I have Splunk forwarder 6.1.x installed on my servers. Splunk monitoring (many alerts) has been set up for these servers. However, a few servers will be decommissioned (will not be used for sometime). So I want to disable all the Splunk monitoring for these servers for some time period without stopping the Splunk process or without modifying the already set up alerts (modifying all alerts will be tedious). Is there a possibility for this in Splunk? Once the server is needed again, I need to reenable Splunk monitoring. So please suggest how to disable Splunk monitoring for some time period and reenable them later?
Kindly help me out.
A high level solution is to maintain a lookup of your planned maintenances, and use it as a filter to decide to trigger the alert.
pseudo example :
maintenance.csv host,start,end,mode server1,1438122595,1438124595, maintenance server1,1438122595,1438124595, maintenance
and the search alert
<search for error> | lookup maintenance.csv host | search NOT mode="maintenance" AND (_time>start AND _time<end)

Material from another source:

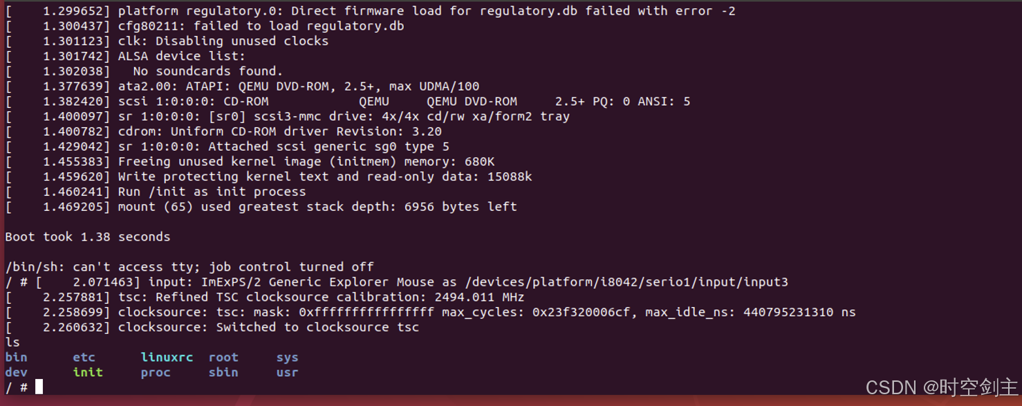 推测主要是因为版本不同,Linux内核中的一些默认设置出现了变化,导致前面制作的Initramfs出现了问题,没有成功进入qemu。

If you want to go further, look at timebased lookups
It depends a good bit on what you are monitoring and how those searches are crafted. A short answer is simply add "disabled = True" for any monitor statements in your inputs. If, for example, you were monitoring /var/log on a server and added the disabled line the Splunk agent would continue to run but would no longer bring data in from that path.
From an alerting perspective if you are looking simply for the lack of events you could maybe have a scripted input that generated some minor log data every couple hours I guess. MuS' answer with inserting a lookup table into the mix is a good way to go that bakes in some flexibility.
at some of my costumers in use a lookup table which holds all host names and another field called
alert_status which either shows
disabled. Using this lookup table on
host=* as automated lookup will provide for each host a field which shows the
alert_status. The costumers can edit the lookup table either by using the lookup editor https://splunkbase.splunk.com/app/1724/ or by using the
Finally you have to use the field
alert_status in your alert searches, so you only search on:
this is your alert search alert_status=enabled | ...
This will only search for hosts with alerts enabled in the lookup file.
Hope this helps to get you started ...
Thankyou for the response.
However I have a doubt here...
Should all the alerts which I want to disable be mentioned in the lookup ??
The problem is I have many alerts being configured and I don't know the origin of these alerts(Splunk searches).
So If I include the host in the lookup , is it sufficient to disable all the alerts that's been set for a particular host?
Yes, but remember to modify the search to search for the lookup field called
alert_status=enabled based on my example. You will name it what ever fits in your environment. It maybe some effort to modify all the alert searches once, but it is well worth it in the end.